Work to be completed
This exercise calls for every record to be returned exactly, with pictures removed.

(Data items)
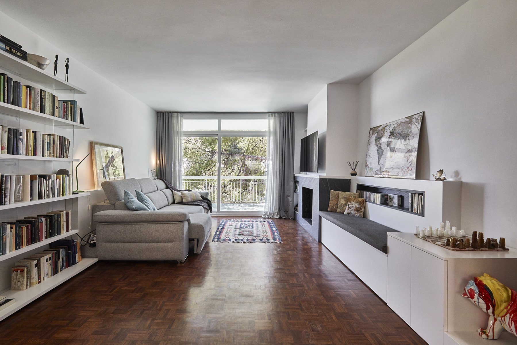 Al entrar en este apartamento lo primero con lo que nos encontramos es el salón, con paredes pintadas en blanco para crear una estancia muy luminosa y suelo de parquet. Frente al sofá tenemos una moderna chimenea de Neolith, de color negro con vetas blancas y el espacio que queda junto a ella se ha aprovechado a la perfección para crear una zona muy acogedora de lectura o para escuchar música
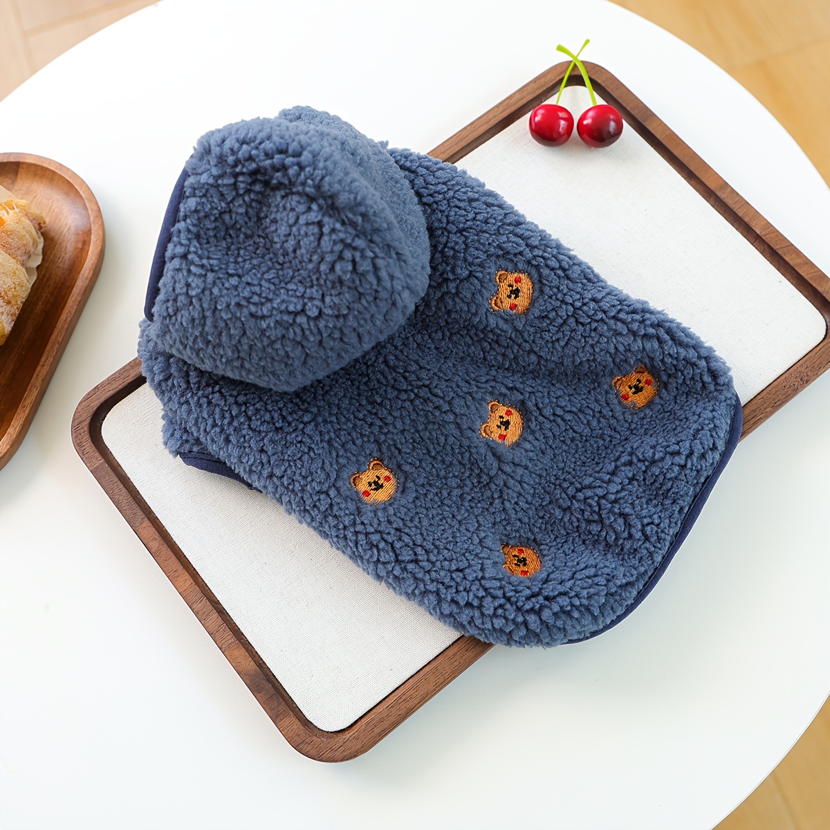 Soft Knitted Puppy Sweater with Fluffy Pom-Pom Hat - Winter Warm Dog Coat for Small Breeds, Snap Button & Zipper Closure, Cozy Blue Floral Design, Durable & Comfortable for Pomeranian, Chihuahua, Shih Tzu - Ideal for Photosho
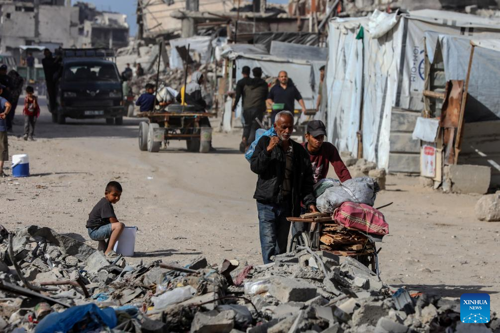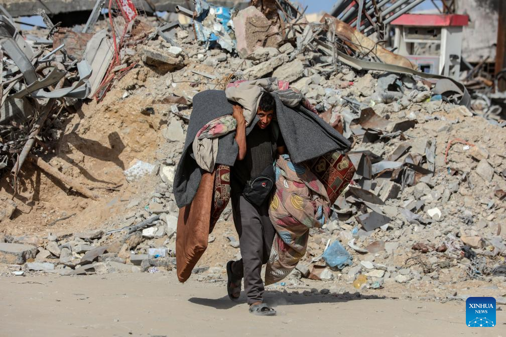 A Palestinian, carrying his belongings and fleeing the towns of Beit Lahia and Jabalia in the northern Gaza Strip to the center and west of Gaza City after the Israeli displacement orders, is seen in the Jabalia area, the Gaza Strip, May 19, 2025. (Photo by Rizek Abdeljawad/Xinhua)
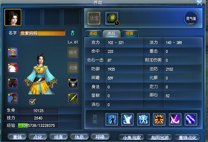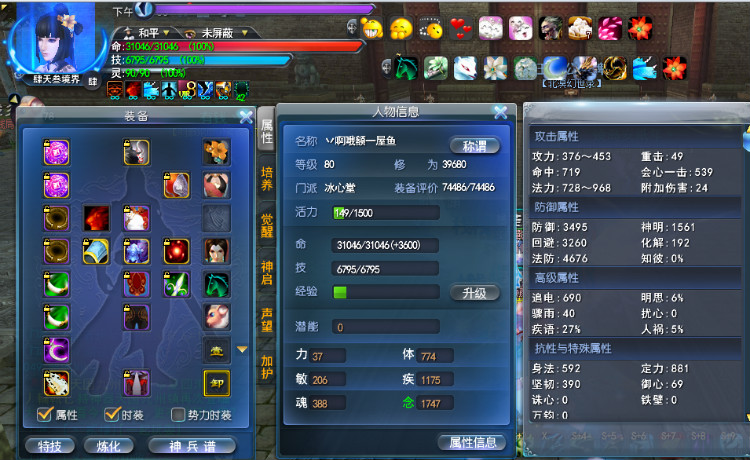 ④孩子洗好,装备成型,点化尚算可以,马忘了截图,大家可以看英雄榜,两匹马灵化都好的
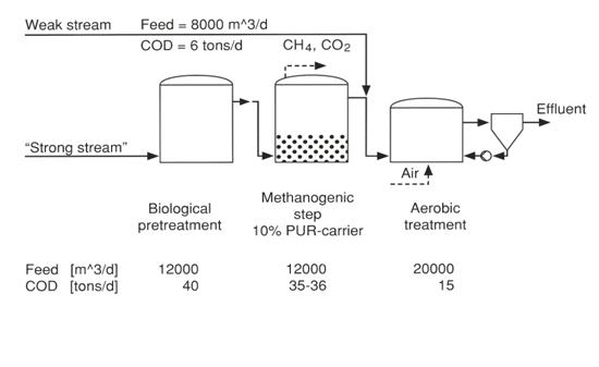 以中試為基礎設計了整個工廠的廢水處理裝置,該系統于1990年投入運行。使用LEVAPOR生物膜工藝,通過厭氧-好氧-多聯級生化處理能非常有效處理紙漿廠產生的廢水。由于生物膜上的微生物菌群的高濃度,厭氧池的體積和其它工藝相比能減少75%,光此項就能為工廠節省1000萬歐元的費用。
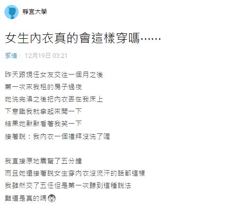 原PO原地震驚5分鐘,不敢相信女友竟然不洗內衣,沒想到對方又透露,「女生穿內衣沒流汗的話都這樣」。他交了5任女友第一次聽到這種說法,不禁疑惑「難道是真的嗎?」
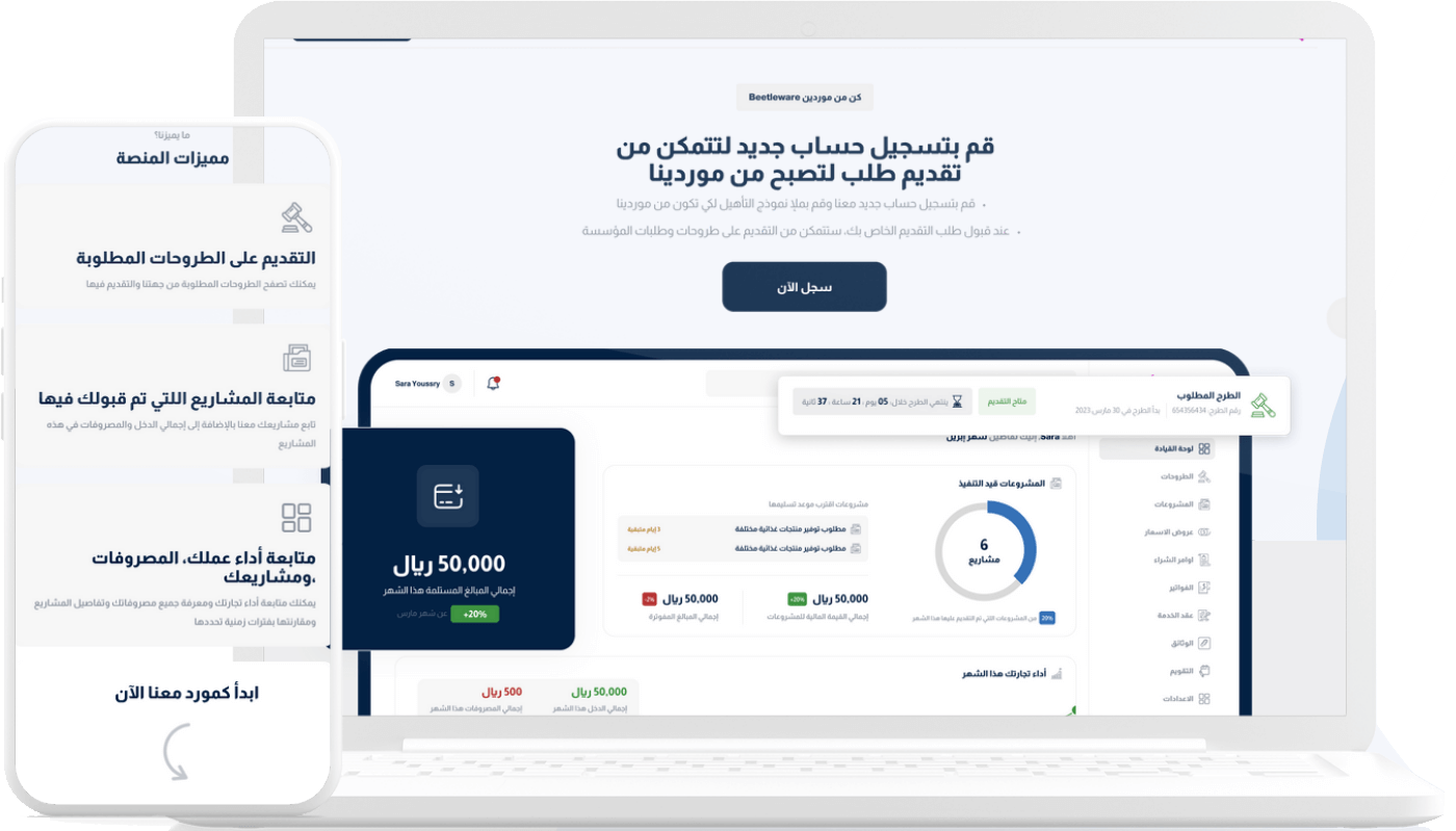 عند قبول طلبك ستتمكن من الوصول إلى لوحة القيادة للتقديم على طروحات المؤسسة ومشاهدة تفاصيل اداء عملك

Response area
 Al entrar en este apartamento lo primero con lo que nos encontramos es el salón, con paredes pintadas en blanco para crear una estancia muy luminosa y suelo de parquet. Frente al sofá tenemos una moderna chimenea de Neolith, de color negro con vetas blancas y el espacio que queda junto a ella se ha aprovechado a la perfección para crear una zona muy acogedora de lectura o para escuchar música
 Soft Knitted Puppy Sweater with Fluffy Pom-Pom Hat - Winter Warm Dog Coat for Small Breeds, Snap Button & Zipper Closure, Cozy Blue Floral Design, Durable & Comfortable for Pomeranian, Chihuahua, Shih Tzu - Ideal for Photosho
 A Palestinian, carrying his belongings and fleeing the towns of Beit Lahia and Jabalia in the northern Gaza Strip to the center and west of Gaza City after the Israeli displacement orders, is seen in the Jabalia area, the Gaza Strip, May 19, 2025. (Photo by Rizek Abdeljawad/Xinhua)
 ④孩子洗好,装备成型,点化尚算可以,马忘了截图,大家可以看英雄榜,两匹马灵化都好的
 以中試為基礎設計了整個工廠的廢水處理裝置,該系統于1990年投入運行。使用LEVAPOR生物膜工藝,通過厭氧-好氧-多聯級生化處理能非常有效處理紙漿廠產生的廢水。由于生物膜上的微生物菌群的高濃度,厭氧池的體積和其它工藝相比能減少75%,光此項就能為工廠節省1000萬歐元的費用。
 原PO原地震驚5分鐘,不敢相信女友竟然不洗內衣,沒想到對方又透露,「女生穿內衣沒流汗的話都這樣」。他交了5任女友第一次聽到這種說法,不禁疑惑「難道是真的嗎?」
 عند قبول طلبك ستتمكن من الوصول إلى لوحة القيادة للتقديم على طروحات المؤسسة ومشاهدة تفاصيل اداء عملك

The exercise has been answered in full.